== Activity ==
What you return should match the data word for word, minus the images.

== Data provided ==
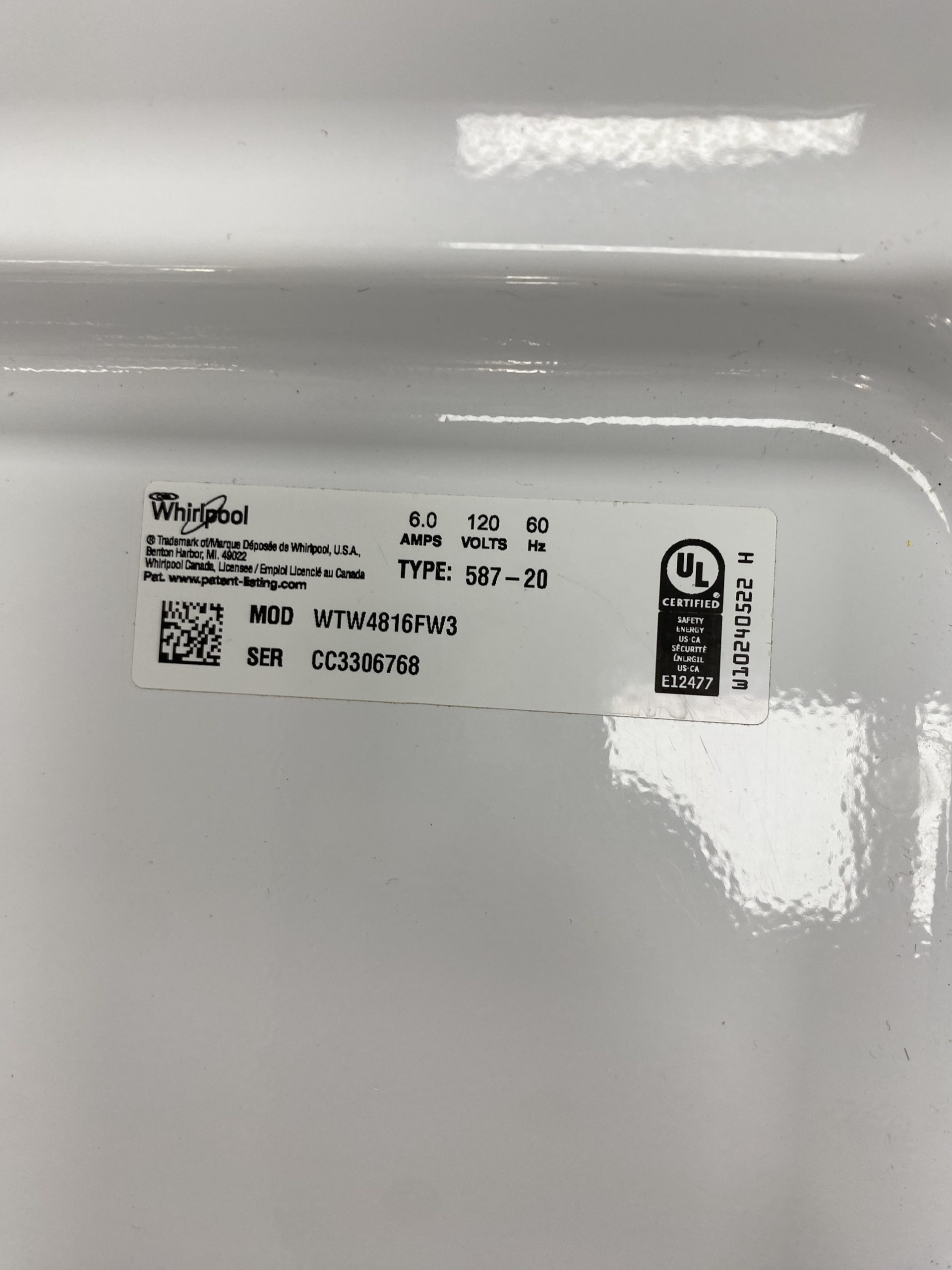 Used Whirlpool Washer WTW4816FW3
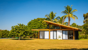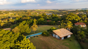 O amplo lote de mais de 5000m² possui topografia plana além de já conter algumas árvores adultas capazes de criar muitas sombras e uma casa na árvore para os filhos que estavam por vir. Vindos da capital paulista, os clientes encontraram neste terreno a sensação de um local de refúgio e proximidade com a natureza que dificilmente outra moradia na cidade onde moravam poderia proporcionar. Cabia ao projeto criar a conexão da arquitetura com a ideia de uma casa menos urbana onde a implantação da casa respeitasse exatamente a locação das árvores já existentes.
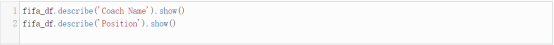 如果我们要看一下数据框中某指定列的概要信息,我们会用describe方法。这个方法会提供我们指定列的统计概要信息,如果没有指定列名,它会提供这个数据框对象的统计信息。

== Answer space ==
 Used Whirlpool Washer WTW4816FW3
 O amplo lote de mais de 5000m² possui topografia plana além de já conter algumas árvores adultas capazes de criar muitas sombras e uma casa na árvore para os filhos que estavam por vir. Vindos da capital paulista, os clientes encontraram neste terreno a sensação de um local de refúgio e proximidade com a natureza que dificilmente outra moradia na cidade onde moravam poderia proporcionar. Cabia ao projeto criar a conexão da arquitetura com a ideia de uma casa menos urbana onde a implantação da casa respeitasse exatamente a locação das árvores já existentes.
 如果我们要看一下数据框中某指定列的概要信息,我们会用describe方法。这个方法会提供我们指定列的统计概要信息,如果没有指定列名,它会提供这个数据框对象的统计信息。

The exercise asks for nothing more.